REIDENBACH Ich würde es so formulieren: Ich beschreibe mit Psalm-Zitaten (Klageliedern des Einzelnen) und Worten romantischen und eines zeitgenössischen Autors sowie aus Briefen einer Todkranken  die Angst von Menschen, die durch Krankheit oder Unglück dem Tod ausgeliefert sind. Das ist eine zentrale Aussage meines Requiems. Sie wird allerdings im letzten Teil des Werks durch Klangflächen und Zitate des gregorianischen Chorals aufgefangen.

Vertonen Sie den gesamten Text des traditionellen Requiems, oder beschränken Sie sich auf Auszüge?

REIDENBACH Ich greife Teile des traditionellen Requiems heraus und verbinde die mit  anderen Stilistiken des 16./17. Jahrhunderts (Johann Sebastian Bach beispielsweise).  Das abschließende „Lux aeterna“ verwendet dann ganz den Wortlaut des traditionellen Requiems.

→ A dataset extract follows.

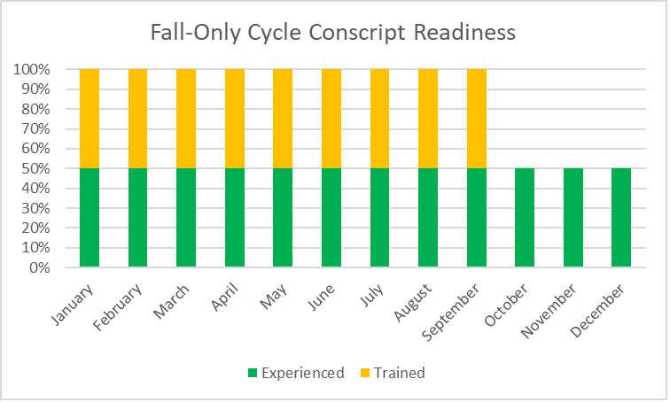 New PLA conscripts must undergo three months of basic training to become minimally trained and likely are not considered experienced until they take part in the PLA’s annual summer training season. Under the old once-a-year system, roughly 50 percent of the PLA’s conscripted force would qualify as “experienced” across the year. Between October and December, newly recruited conscripts were still undergoing basic training and thus could not contribute towards unit readiness. As such, for those three months, 50 percent of conscripts in the PLA were unable to support even basic combat operations. For the remaining nine months, those conscripts met minimum training requirements and only become experienced as the previous batch of conscripts cycled out of the force.

Gibt es denn Abschnitte im Text, die Sie ganz persönlich berühren oder die Sie einfach als Komponist  für vorbildlich halten?

REIDENBACH Ich habe eine Textstelle aus den Briefen der jungen Frau zitiert. Sie erscheint aber nicht als Vertonung, sondern nur als gesprochener Text. Was im Werk musikalisch davor und danach kommt, das ist dieser Textstelle tief nachempfunden.

Die Person, um die Ihr Requiem gleichsam herumkomponiert ist – was war sie  für ein Mensch? Wie stehen Sie heute zu ihr?

REIDENBACH Man kann den Ausdruck in meiner Komposition vielleicht als „stilisierte Trauer“ verstehen. Die persönliche Begegnung liegt nun mehr als 30 Jahre zurück und war auch eine Begegnung in der Musik. Ich habe sie aus den Augen verloren und später dann erfahren, dass sie todkrank ist. Für mich war sehr wichtig, in den letzten Monaten ihres Lebens in regelmäßigem Kontakt zu ihr gestanden zu haben. Die persönliche Bindung ist für die Musik meines Requiems bedeutsam gewesen. Ich möchte auch in Töne fassen, was Menschen auf dem Weg zum Tod erleben und empfinden.

Ein Requiem geht an die Wurzeln menschlicher Existenz. Ganz persönlich gefragt: Wie stehen Sie zum „Lux aeterna“ – zur Vision eines ewigen Lebens?

REIDENBACH Ich möchte es so ausdrücken: Diese Vision ist ein neues, menschlich naheliegendes Wunschdenken – man kann es nicht anders formulieren. Ich versuche, im „Lux aeterna“ durch Klangflächen eine Art akustischen Nebel auszubreiten, der die Botschaft des „ewigen Lichts“ quasi andeutet. Ich hab am Schluss ein klangvolles, doppelchöriges „Amen“ vertont, und doch bleibt alles letztendlich Wunschvorstellung.

Das heißt doch: Das Lux aeterna ist nur ein unbestimmtes Licht…

REIDENBACH … und der gregorianische Choral, den ich zitiere, hat durch die kompositorische Anlage mit einem Fernchor auch etwas kalkuliert Vages. Ich möchte aber noch etwas dazu sagen: Ich bin über die Nähe zum „Deutschen Requiem“ von Brahms im kommenden Konzert sehr glücklich. Weil meine Komposition sich im Wesentlichen mit der Angst vor dem Tod auseinandersetzt. Und danach – ganz anders Brahms. Was dessen „Deutsches Requiem“ ausdrückt, ist eine solch wunderbar tröstende Glückseligkeit – und vielleicht eine Antwort auf die Fragen, die mein Requiem stellt.